# Running a business in Rhodes Greece



## Haraki (Aug 5, 2009)

I am sure there a lot of people in my sitiuation, running a business in Greece, and with the present economical climate here, the question is what do I do if taxes goes through the roof!!! I could run the company from Britain and take all payments through the website but that would be so complicated and unfair to Greece which I really want to remain a part of. I would welcome any advice.


----------



## Cairokid (Sep 15, 2009)

Haraki said:


> I am sure there a lot of people in my sitiuation, running a business in Greece, and with the present economical climate here, the question is what do I do if taxes goes through the roof!!! I could run the company from Britain and take all payments through the website but that would be so complicated and unfair to Greece which I really want to remain a part of. I would welcome any advice.


I understand exactly where you are coming from. It is very worrying. I don't have any advice as we are still working out what everything will mean to us. 

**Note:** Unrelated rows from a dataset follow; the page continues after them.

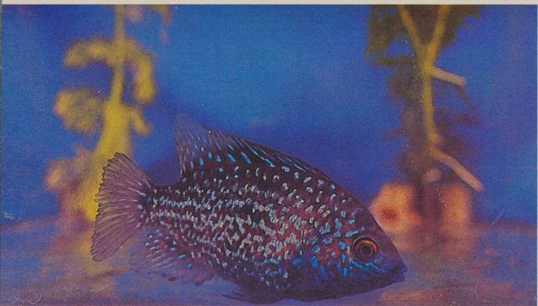 Распространена в водоемах Панамы и Колумбии. Достигает в аквариумных условиях длины 10 см. Окраска тела коричневатая с поперечными темными полосами и множеством мелких голубовато–зеленых пятен. Содержатся акары в аквариумах емкостью не менее 60 л с температурой воды 21 – 23 °C. Имеют относительно миролюбивый характер, но с мелкими рыбами их лучше не содержать. Цз растений рекомендуем сажать: эхи- нодорусы, криптокорины, кувшинки, людвигию. Разведение рыбок несложное. Для этого пару взрослых рыб помещают в нерестовый аквариум емкостью не менее 80 л со «старой», смягченной водой и поднимают температуру до 28 – 30 °C. Они строят гнездо и ухаживают за мальками, которых первое время кормят пылью, переходя постепенно на мелкого циклопа.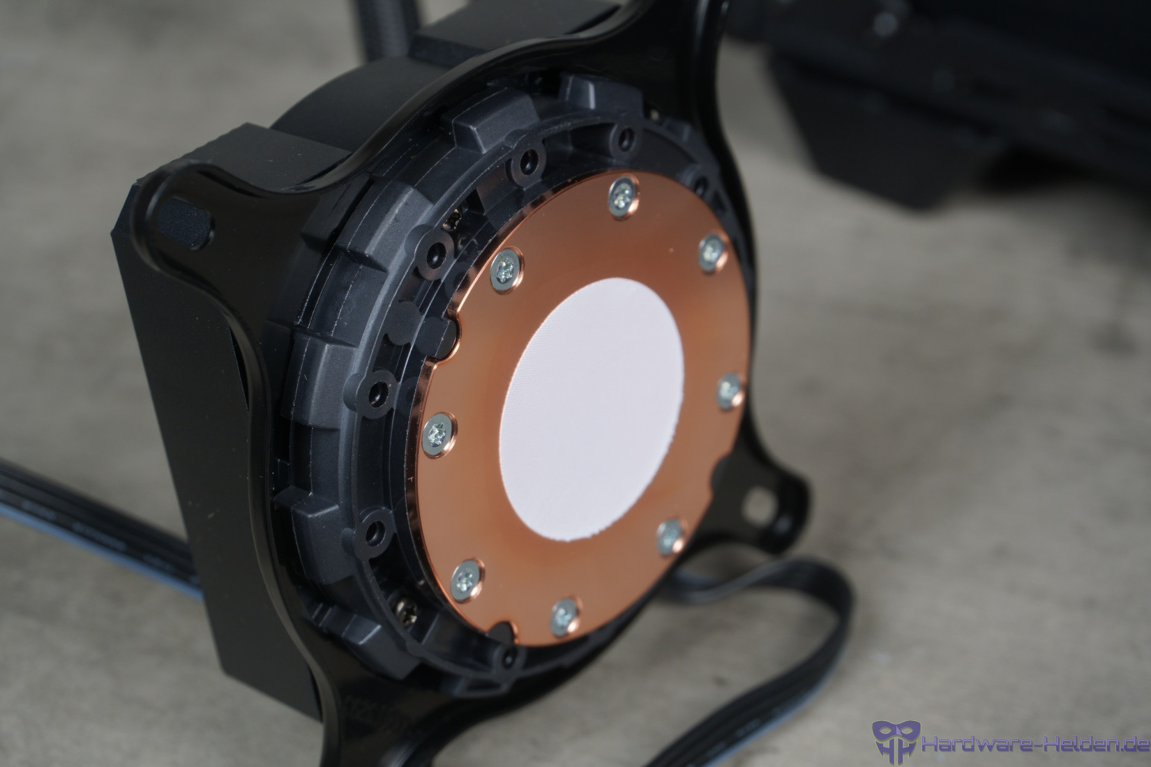 Von unten sieht man einen Kupferboden mit aufgetragener Wärmeleitpaste. Im Inneren arbeitet eine Pumpe von Asetek, die maximal 2800 rpm erreicht. Mittels PWM-Anschluss kann sie auf bis zu 800 rpm gedrosselt werden. Der Vorteil an dieser Lösung ist, dass man zum Steuern von Pumpe (und Lüfter) nicht auf eine Software des Herstellers angewiesen ist, sondern dies ganz einfach über das Mainboard durchgeführt wird. Die Pumpe ist in höheren Bereichen recht penetrant, kann aber durchaus leise betrieben werden, dazu unten ein paar Worte mehr.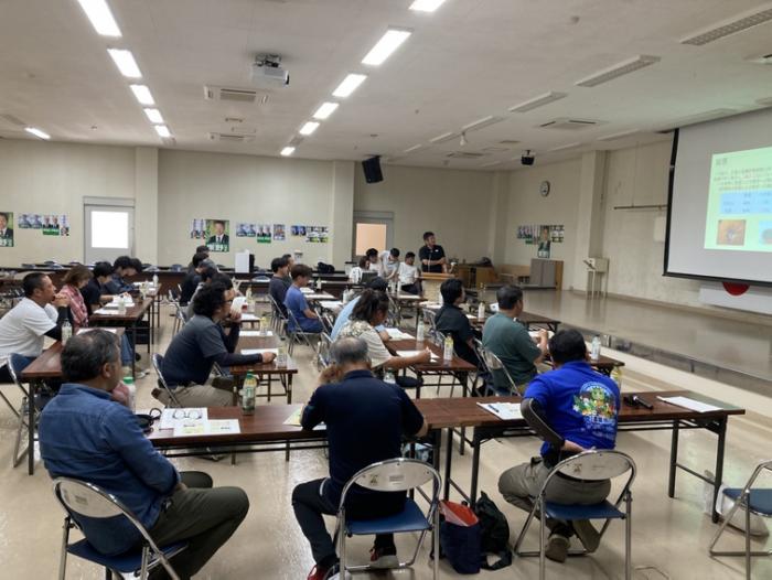 6月30日にJA鹿児島いずみ本所で,第1回果樹部門就農トレーナー研修が開催され28人が出席しました。基本技術研修後,全体研修で青年農業者4人が共同プロジェクト活動の取組を発表し,不知火および甘夏の腐敗果防止対策について事例を紹介しました。腐敗果防止対策上の手法や出荷販路,課題など,情報交換や質疑応答が活発に行われました。農政普及課は,青年農業者のプロジェクト活動による担い手育成支援や腐敗果対策技術の波及等を今後も進めていきます。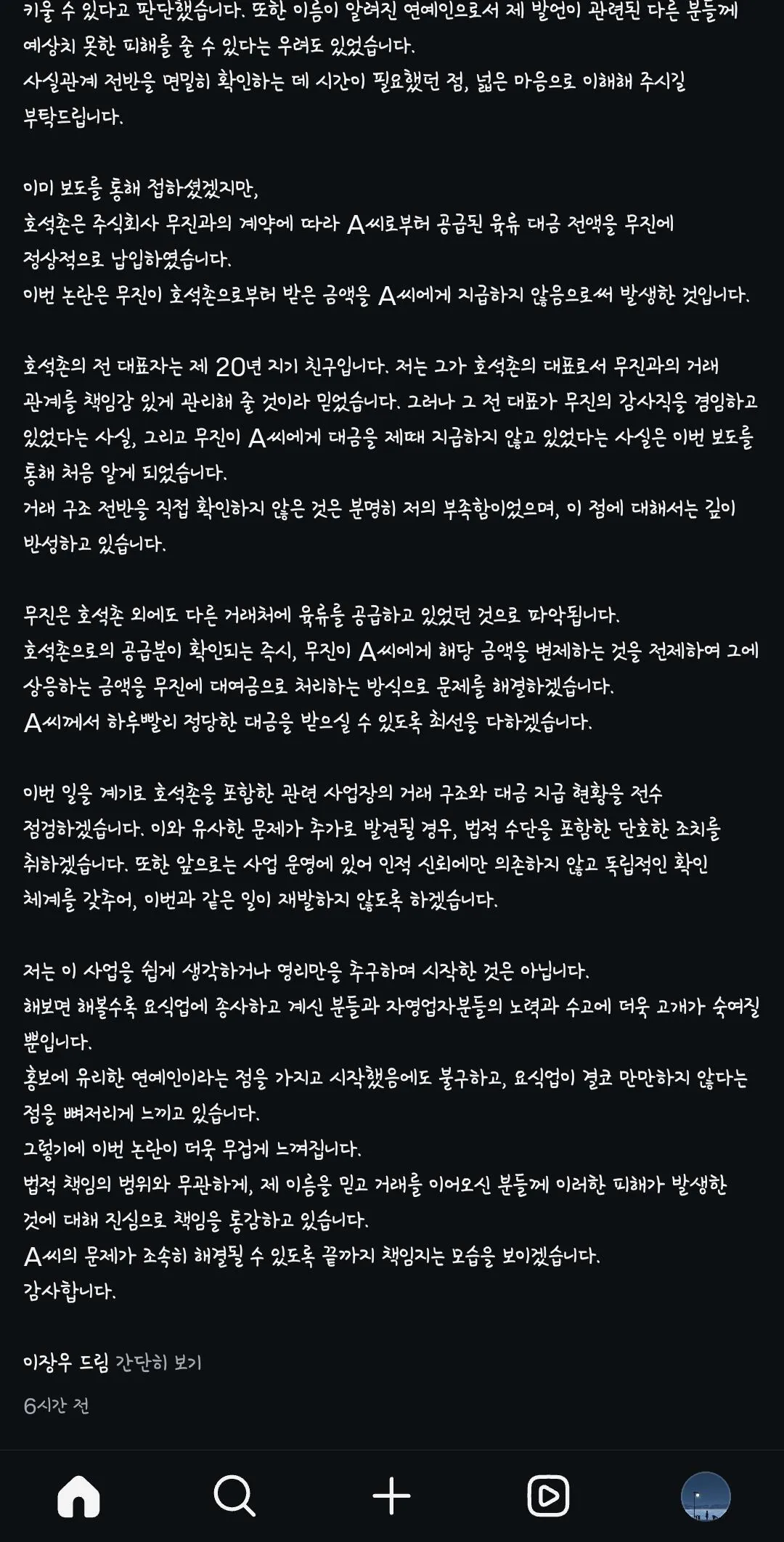 호석촌논란 이장우, 인스타 게시글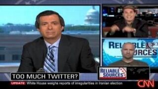 Meanwhile, Howard Kurtz had Rick Sanchez and sportswriter Gregg Doyel on Reliable Sources for an utterly useless but incredibly ironic debate over Twitter's relevance. To his credit Sanchez, a mildly obsessive Twitterer, sort of gets it, mentioning that he interviewed someone in Tehran on his show that he'd met on Twitter, but no one on the show seemed to grasp the fact that the Twitter was in midst of handing CNN its proverbial ass as a news source before, during and after the airing of Reliable Sources.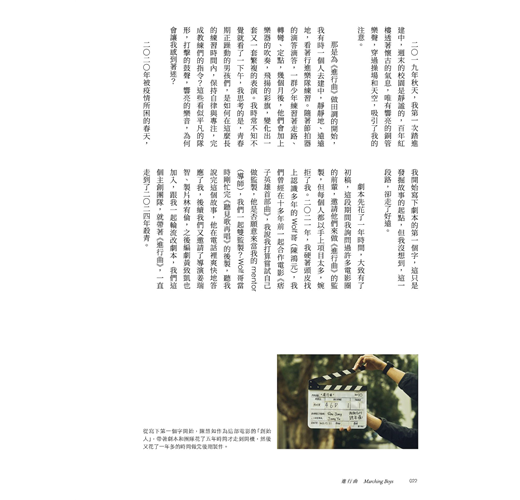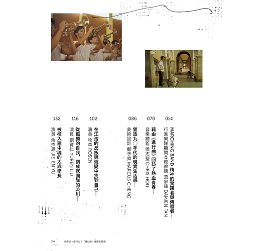 本書訪談創作團隊、劇組成員和三位主要演員,暢談製作過程的幕前幕後與甘苦心情,同時收錄劇中精彩劇照,再現電影籌備、拍攝過程,不僅呈現出高中行進管樂隊的活力和熱情,也記錄了電影製作團隊的浪漫與堅持。
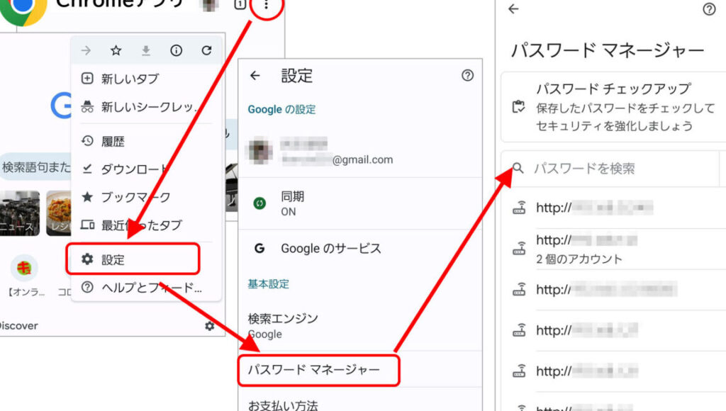 多くの場合、スマホ内蔵ブラウザ(ChromeやSafari)にも保存されたパスワードがあります。例えば: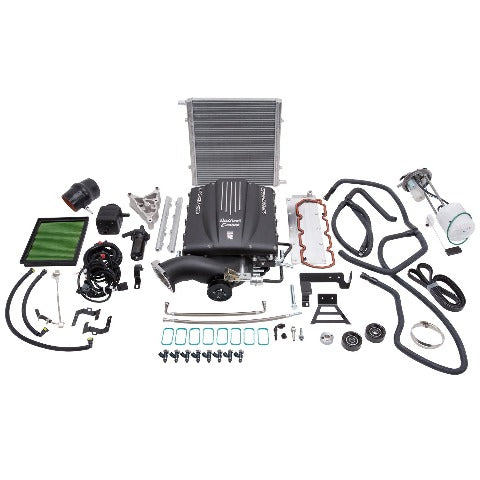 The Edelbrock supercharger Stage 1 Street System part #15600 for 2007-10 Silverado and Sierra HD 2500 increases the performance of your 6.0L Gen IV engine to 424 horsepower and 431 ft-lbs of torque at the rear wheels when used with Edelbrock tune (kit supplied without a programmer). The core of this system is the Eaton Gen VI 2300 TVS rotating assembly with a four-lobe design with 160 degrees of twist for maximum flow, minimum temperature rise and quiet operation for excellent drivability. We also designed our superchargers with an integrated bypass valve to help eliminate parasitic loss under light throttle, improving mileage potential. Our unique and efficient inlet configuration results in a shorter, less restrictive intake path for improved airflow, without the need for a jack-shaft. Keeping the air cool is a high-capacity air-to-water intercooler and low-temp heat exchanger. HANDHELD PROGRAMMER NOT INCLUDED. Supercharger systems sold without tuners are only emissions legal when used with the correct Edelbrock program.

We've absorbed the VAT rise to 21% without upping prices and I think we may do the same if it goes up to 25% as I think people are already going to be discouraged about coming here if the riots continue.

We also feel that we should be contributing our share to help the country and it is disappointing to hear that many wealthy Greeks are moving all their euros out.

At the moment we're just holding tight expecting a rough ride but hoping eventually the country will be in a better state than it was before.


----------